I use the "L" hook method for hangers.

For an 8-10" deep cabinet, I would probably make the sides, top, and bottom from solid yellow pine, and the back and doors from the above frame and panel construction...


----------



## windstorm (Dec 21, 2008)

Gene,

I made a tool storage cabinet with sliding pegboard doors from a plan I purchased at PlansNow.com (for $7.95). I modified the dimensions and my cabinet is 38" X 60" X 6" deep (not including the unit that holds all the small trays for screws and such, which added another 6" to the bottom). It's a pretty simple design and I built it in a day. It's not as deep as what you're looking for, but with the sliding doors you can get at least 40% additional storage space in a compact cabinet, and I'm sure it can be made in almost any size that suits your needs. Hope this helps.


----------



## NKYDarrell (Sep 14, 2009)

windstorm said:


> Gene,
> 
> I made a tool storage cabinet with sliding pegboard doors from a plan I purchased at PlansNow.com (for $7.95). I modified the dimensions and my cabinet is 38" X 60" X 6" deep (not including the unit that holds all the small trays for screws and such, which added another 6" to the bottom). It's a pretty simple design and I built it in a day. It's not as deep as what you're looking for, but with the sliding doors you can get at least 40% additional storage space in a compact cabinet, and I'm sure it can be made in almost any size that suits your needs. Hope this helps.


 
ha ha, I was just going to post a link to the plan. looks like you beat me to the idea at least. 
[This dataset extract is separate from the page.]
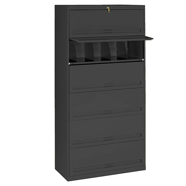 SKU G9809773CategoriesDescription File Cabinet, File Cabinet Type Lateral, Series Closed Style Fixed Shelf Lateral File, File Size Legal/Letter, Number of Drawers 0, Number of Doors 5, Overall Width 36 in, Overall Height 63 1/2 in, Overall Depth 17 in, Finish Painted, Color Black, Material Steel, Handle Type Full-Width Drawer Pulls, Label Holder Included Yes, Lock Included Yes, Assembled, Includes Fixed ShelfgraingerSKU: 5UEZ6, mscSKU: , zoro_no: G9809773, mongo_id: 65bbea5e22d7a989a99aed24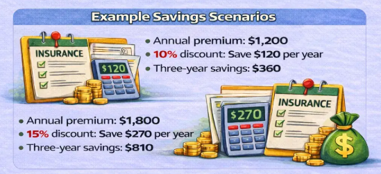 Discounts vary, but many drivers save 5%–15% on premiums.

http://www.plansnow.com/dn3097.html


----------



## vuefromidwest (Aug 26, 2009)

I've been thinking about building the sliding door cabinet too...
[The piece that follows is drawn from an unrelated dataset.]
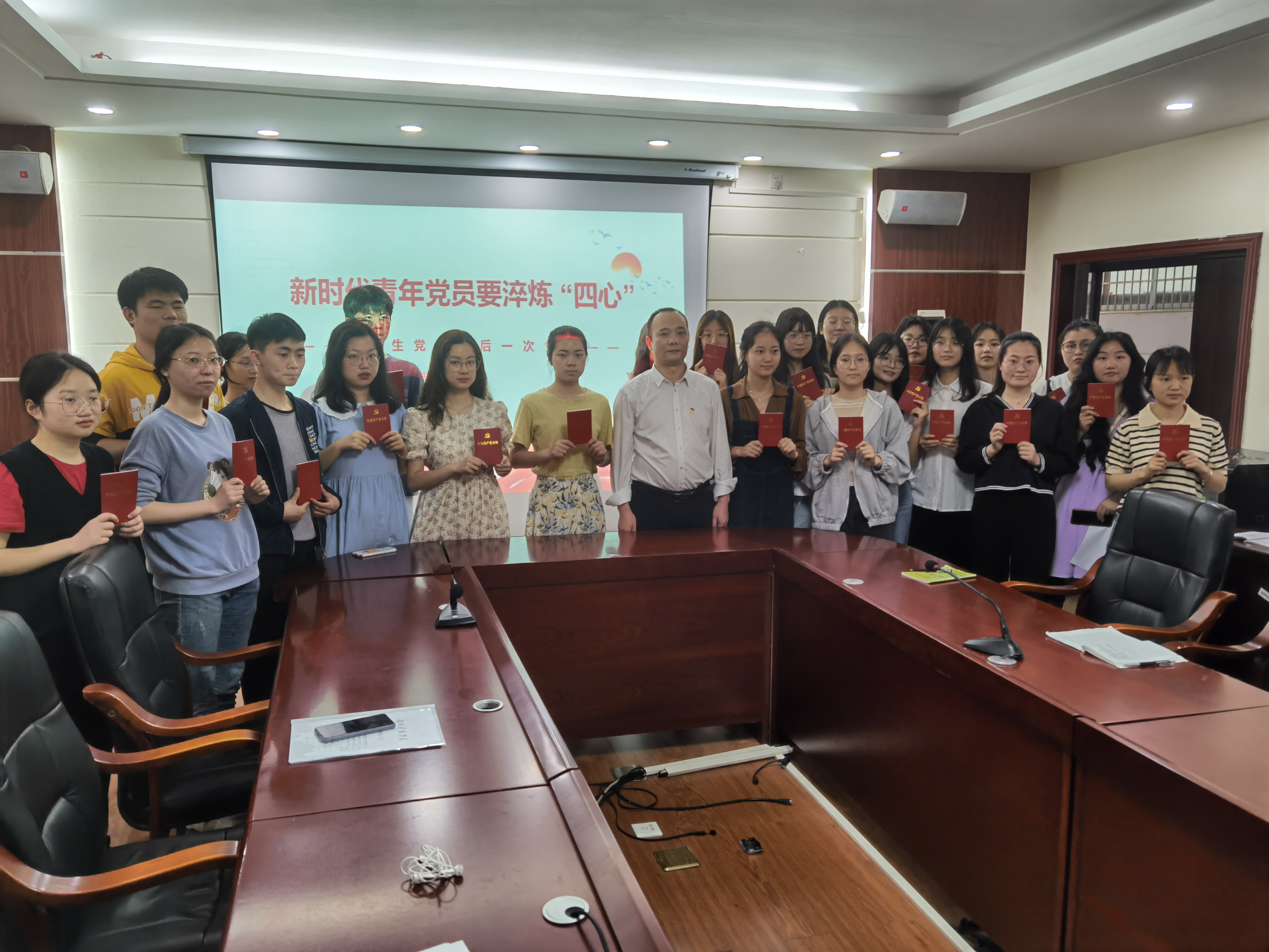 课上,曾书记带领全体毕业党员一起重温入党誓词,并从以“咬定青山不放松”的境界淬炼忠诚之心、以“一片冰心在玉壶”的境界淬炼干净之心、以“不待扬鞭自奋蹄”的境界淬炼奋进之心、以“绝知此事要躬行”的境界淬炼实干之心等四个方面展开阐述,引导毕业生党员无论何时何地何种情况都要忠于党,不背叛党。寄语莘莘学子要保持要始终保持思想上的绝对纯洁、信念上的绝对坚定,政治上的绝对清醒,不断增强党性意识、忠诚意识;自觉加强道德修养,明辨是非曲直,增强自我定力,矢志追求更有高度、更有境界、更有品位的人生;不急于求成,不急功近利,不在“内卷”“躺平”“焦虑”的裹挟中生存,努力做到胸怀大局、从容淡定;要有“功成不必在我,建功必须有我”的境界和志向,心向下沉、脚向下走、力向下使,在基层实践中磨炼意志、提高能力、积累经验,增长才干,用实实在在的业绩赢得群众的信任、组织的认可,实现自我价值。课后,曾书记给毕业生党员分发《中国共产党章程》,并合影留念。

The original plans were in shopnotes magazine, I think....


----------



## John in Tennessee (Jun 11, 2008)

*Pegboard Hangers*

I use pegboard also but not so nice as the pics here. Anyway I had some some old hangers and ran out and went to Home Depot and bought some. It had assorted sizes and when I got home and was hanging the when I discovered. They were a LOT smaller and had plastic keepers. I couldn't make them stay in place. 
I got to looking for hangers that I had. I couldn't find any. Sc I got to looking. No luck. Then I found some in a retail store that sold store fixtures. Pricey but they worked I Ran out a bit later and found them on eBay. DIRT CHEAP


----------



## Streamwinner (Nov 25, 2008)

http://www.diynetwork.com/how-to/ho...o-build-a-pegboard-storage-cabinet/index.html


----------



## Gene Howe (Feb 28, 2009)

Many thanks to all that responded with suggestions. They were very much appreciated. You guys are great!!
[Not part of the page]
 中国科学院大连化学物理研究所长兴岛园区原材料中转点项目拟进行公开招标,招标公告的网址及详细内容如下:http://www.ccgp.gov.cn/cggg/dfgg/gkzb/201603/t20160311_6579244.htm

I have on 16'X2' long section installed and another to turn a corner thats about 4'X2' . My drawered bench (21 drawers) is in place and new top and a backsplash installed. Used left over bamboo flooring for the top, backsplash and trimmed out the pegboard with strips of it. Looks neat. 
Have one more wall section planned. About 6'X2" 

Still have to build two of the four door pegboard cabinets from Wood Mag. Probably start those next week. 

Will post some pics when it's all presentable.

Gene


----------



## Gene Howe (Feb 28, 2009)

I have on 16'X2' long section installed and another to turn a corner thats about 4'X2' . My drawered bench (21 drawers) is in place and new top and a backsplash installed. Used left over bamboo flooring for the top, backsplash and trimmed out the pegboard with strips of it. Looks neat. 
Have one more wall section planned. About 6'X2" 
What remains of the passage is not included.